Task to complete ::
No pictures should appear in the copy; otherwise retype the entries exactly.

Extracted data entries:
☆ ☆ ☆ ☆ ☆

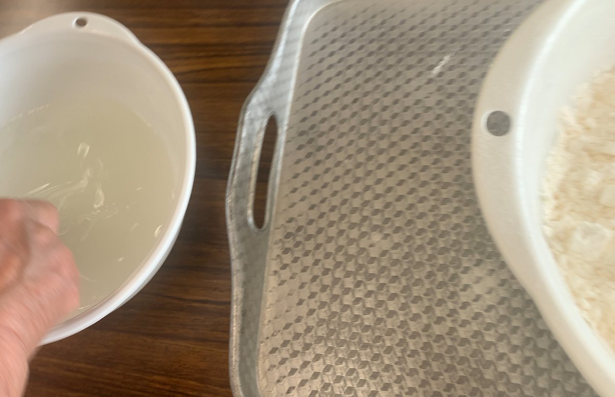 (2)ボウルに砂糖と水を混ぜておき、
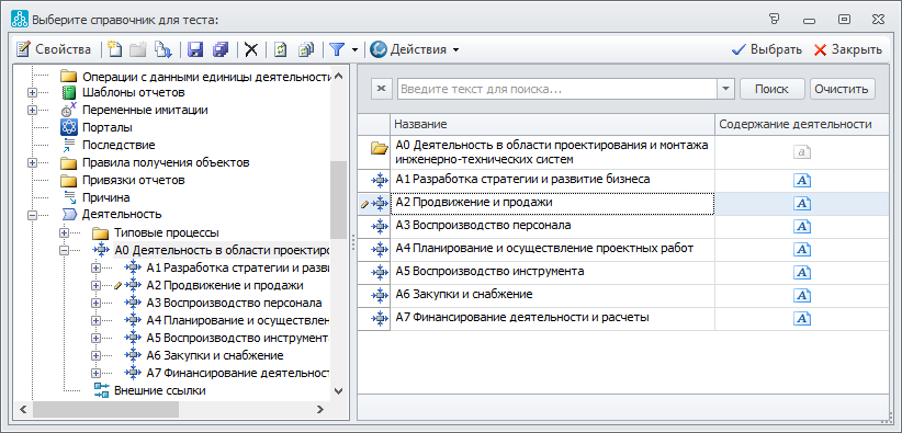 В появившемся окне выбирается справочник, папка, группа объектов или конкретный объект. Результат выполнения теста опроса выводится в соответствующем окне. В примере на Рисунке 21 показано, что при выполнении теста опроса "Согласование" от единицы деятельности "А2 Продвижение и продажи" получен пользователь "Бабич Ирина Петровна".
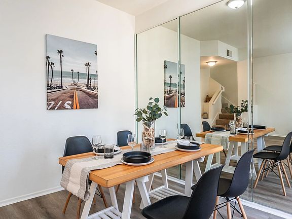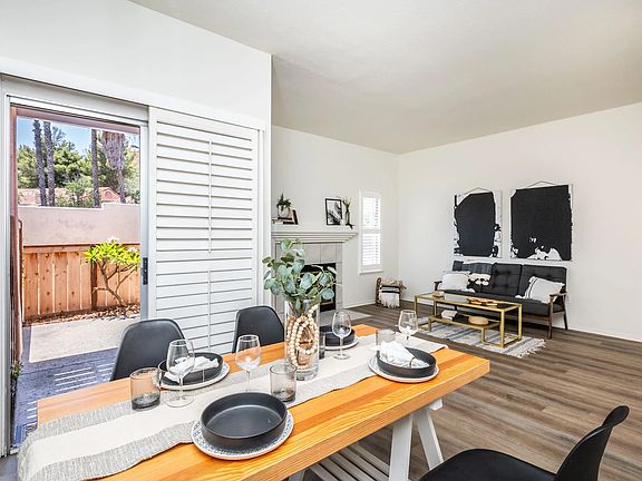 Beautifully Refreshed Townhome, just over 20 minutes east of downtown San Diego. Nestled between mountains with views from the windows of both exterior patios and the primary suite. New flooring, fresh paint, updated lighting and fixtures through out, bringing a clean and modern vibe, while allowing for more upgrades in the future. This townhome offers a large amount of square footage, private garage, and loads of guest parking throughout the complex. The primary and secondary bedrooms are upstairs, have large vaulted ceilings and architectural features and each has their own on-suite baths, basically two primary suites, or one primary suite and an outstanding extra large office space. The downstairs area has a living dining combo, 1/2 bath, and fenced exterior patio - perfect for pets with a small area for gardening. Multiple pools in the complex, low HOA fees, and many other amenities in the area make life easy without even having to travel. The exterior patio off the primary suite faces the mountains, has enough room for a bistro patio set and is a perfect spot for a morning coffee while watching the sun rise. This is a great opportunity for a starter home in San Diego while having easy access to freeways and surface streets with loads of restaurants, shopping, and outdoor activities nearby.
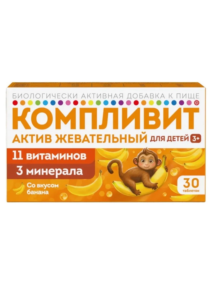 кальция гидрофосфата дигидрат, сахар, декстроза, магния оксид, аскорбиновая кислота (витамин С), носитель поливинилполипирролидон (кросповидон), агент антислеживающий тальк, агент антислеживающий магниевая соль стеариновой кислоты, никотинамид, d,l-?-токоферола ацетат (витамин Е), крахмал картофельный, наполнитель крахмал модифицированный, ароматизатор натуральный "банан" (мальтодекстрин, банановое пюре), ретинола ацетат (витамин А), кальция пантотенат, пиридоксина гидрохлорид (витамин В6), рибофлавин (витамин В2), тиамина гидрохлорид (витамин В1), холекальциферол (витамин Д3), комплексная пищевая добавка Коликоат Протект (полиэтиленгликоль и поливинилового спирта сополимер, поливиниловый спирт Е1203, диоксид кремния Е551), фолиевая кислота, натрия йодид, цианокобаламин (витамин В12)
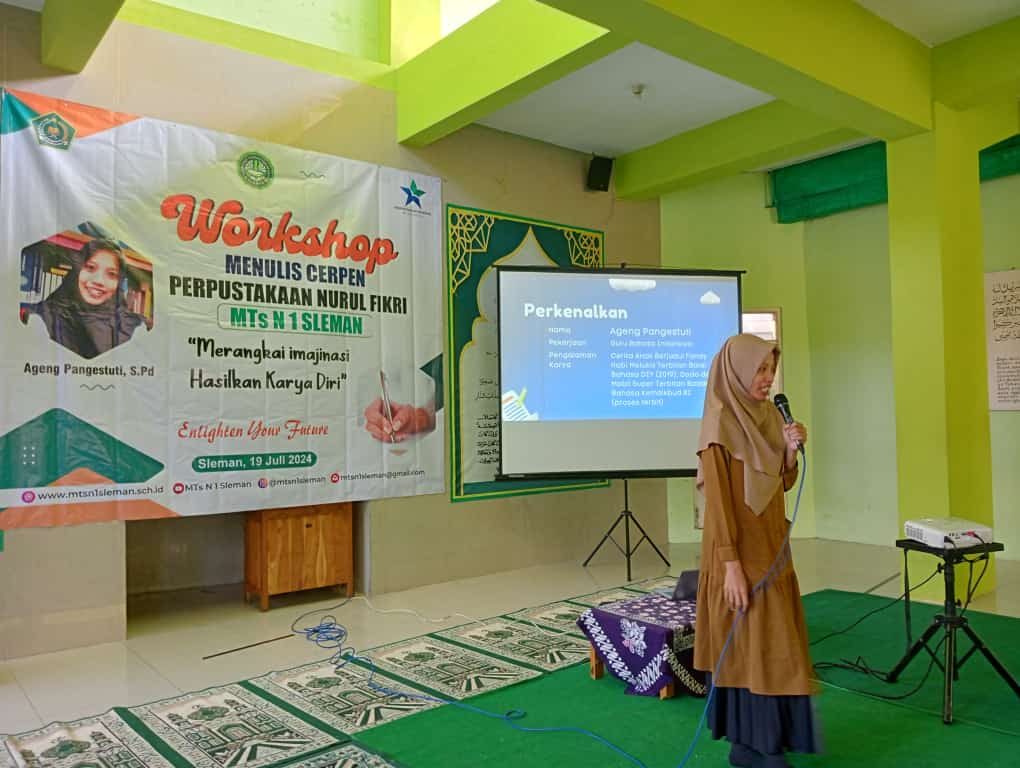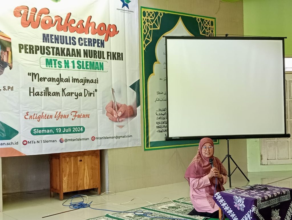 Kemenag Sleman News (MTsN 1 Sleman) – – Dalam rangka peningkatan kompetensi siswa di bidang menulis, Perpustakaan Nurul Fikri MTsN 1 Sleman menggelar Workshop Menulis Cerpen dengan tajuk “Merangkai Imajinasi Hasilkan Karya Diri” pada Jumat (19/7/2024) bertempat di Musala Al Ikhlas dan diikuti oleh 60 siswa perwakilan dari kelas VIII dan IX.  Acara dibuka secara langsung oleh kepala madrasah, Sutarjo  dan didampingi oleh Kepala Perpustakaan Nurul Fikri, Titiek dan guru pendamping. Narasumber kegiatan Ageng Pangestuti, guru Bahasa Indonesia dari MTsN 2 Sleman.
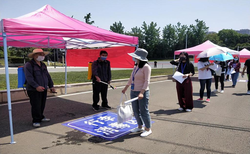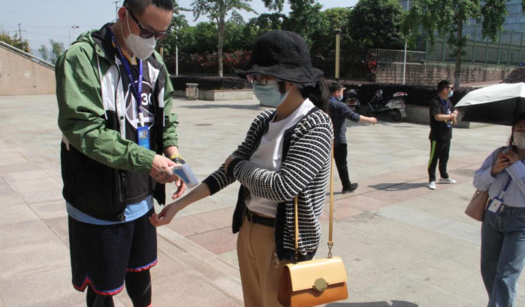 3.每条通道的检测人员在两边用测温仪对学生逐个进行体温检测,消毒人员对学生鞋底、书包、行李箱等物品进行消毒。

☆ ☆ ☆ ☆ ☆

Response area ::
 (2)ボウルに砂糖と水を混ぜておき、
 В появившемся окне выбирается справочник, папка, группа объектов или конкретный объект. Результат выполнения теста опроса выводится в соответствующем окне. В примере на Рисунке 21 показано, что при выполнении теста опроса "Согласование" от единицы деятельности "А2 Продвижение и продажи" получен пользователь "Бабич Ирина Петровна".
 Beautifully Refreshed Townhome, just over 20 minutes east of downtown San Diego. Nestled between mountains with views from the windows of both exterior patios and the primary suite. New flooring, fresh paint, updated lighting and fixtures through out, bringing a clean and modern vibe, while allowing for more upgrades in the future. This townhome offers a large amount of square footage, private garage, and loads of guest parking throughout the complex. The primary and secondary bedrooms are upstairs, have large vaulted ceilings and architectural features and each has their own on-suite baths, basically two primary suites, or one primary suite and an outstanding extra large office space. The downstairs area has a living dining combo, 1/2 bath, and fenced exterior patio - perfect for pets with a small area for gardening. Multiple pools in the complex, low HOA fees, and many other amenities in the area make life easy without even having to travel. The exterior patio off the primary suite faces the mountains, has enough room for a bistro patio set and is a perfect spot for a morning coffee while watching the sun rise. This is a great opportunity for a starter home in San Diego while having easy access to freeways and surface streets with loads of restaurants, shopping, and outdoor activities nearby.
 кальция гидрофосфата дигидрат, сахар, декстроза, магния оксид, аскорбиновая кислота (витамин С), носитель поливинилполипирролидон (кросповидон), агент антислеживающий тальк, агент антислеживающий магниевая соль стеариновой кислоты, никотинамид, d,l-?-токоферола ацетат (витамин Е), крахмал картофельный, наполнитель крахмал модифицированный, ароматизатор натуральный "банан" (мальтодекстрин, банановое пюре), ретинола ацетат (витамин А), кальция пантотенат, пиридоксина гидрохлорид (витамин В6), рибофлавин (витамин В2), тиамина гидрохлорид (витамин В1), холекальциферол (витамин Д3), комплексная пищевая добавка Коликоат Протект (полиэтиленгликоль и поливинилового спирта сополимер, поливиниловый спирт Е1203, диоксид кремния Е551), фолиевая кислота, натрия йодид, цианокобаламин (витамин В12)
 Kemenag Sleman News (MTsN 1 Sleman) – – Dalam rangka peningkatan kompetensi siswa di bidang menulis, Perpustakaan Nurul Fikri MTsN 1 Sleman menggelar Workshop Menulis Cerpen dengan tajuk “Merangkai Imajinasi Hasilkan Karya Diri” pada Jumat (19/7/2024) bertempat di Musala Al Ikhlas dan diikuti oleh 60 siswa perwakilan dari kelas VIII dan IX.  Acara dibuka secara langsung oleh kepala madrasah, Sutarjo  dan didampingi oleh Kepala Perpustakaan Nurul Fikri, Titiek dan guru pendamping. Narasumber kegiatan Ageng Pangestuti, guru Bahasa Indonesia dari MTsN 2 Sleman.
 3.每条通道的检测人员在两边用测温仪对学生逐个进行体温检测,消毒人员对学生鞋底、书包、行李箱等物品进行消毒。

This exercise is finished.